VOTE OF CONFIDENCE:JUST OVER 12 hours after his new three-party government received a comfortable vote of confidence from MPs, the Greek prime minister Antonis Samaras suffered an embarrassing setback yesterday after one of his deputy ministers resigned.
Nikos Nikolopoulos, the deputy labour, social security and welfare minister, said he was leaving the government because it had failed to press the troika for changes to the terms of the country’s memorandum package.
“My personal belief [is] that the issue of renegotiating with the troika, as well as the correction of significant distortions in labour, pension, social security and welfare issues, should have been emphatically placed on the table at the start of the discussion,” said Mr Nikolopoulos, the third minister to resign since the government was formed on June 21st.
Troika inspectors over the weekend reportedly insisted that a 12 per cent wage cut for judges, public-sector doctors, military officers, professors and Orthodox bishops be implemented, despite government attempts to exempt these groups.
On Sunday the new government won the support of all 179 MPs from the three parties backing it – New Democracy, Pasok and the Democratic Left – with the other four parties in the 300-member assembly voting against.

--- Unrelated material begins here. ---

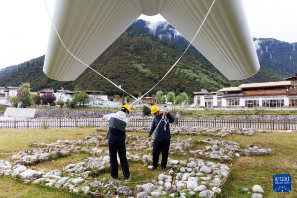 9月18日,“极目一号”浮空艇大气观测试验现场,科研人员在操作辅助系索。新华社记者 金立旺 摄
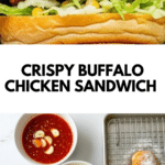 This Crispy Buffalo Chicken Sandwich recipe offers a healthier homemade alternative to fast food favorites. Featuring tender, marinated and breaded chicken breasts baked to crispy perfection, complemented with a zesty grinder slaw and creamy homemade ranch dressing. The sandwich is finished with a flavorful buffalo sauce and toasted buns, making it a satisfying and flavorful meal ideal for lunch or dinner.

Announcing his government’s programme, Mr Samaras made it clear that he would seek to implement key aspects of the memorandum before attempting any renegotiation of its terms.
His government intends to speed up privatisation of state companies and real estate and the merger of state agencies.
“We see privatisation as a growth tool,” Mr Samaras told MPs. “Whoever takes control of state assets must make investments. We cannot cut wages and pensions while public real estate lies dormant.”
However, he said changes to the bailout programme would ultimately be necessary if Greece is to reach its memorandum targets.
“What needs to change is that which is hampering us from attaining the targets. We want to fight the recession.”
The personnel problems that have beset his nascent government will fuel doubts about the government’s political cohesion, however.
“The signal being sent to Greeks and Brussels is that something is going wrong within the government,” said George Tzogopoulos, an analyst at the Eliamep think tank.
He suggested that Mr Samaras’s pre-election pledges to renegotiate the bailout terms were now coming back to haunt him.
“Ministers have been misled or misinformed about the real prospect for sincere renegotiation, an idea that was only used for domestic audiences,” Mr Tzogopoulos added. “There now seems to be a serious communication problem between Mr Samaras and his ministers and MPs.”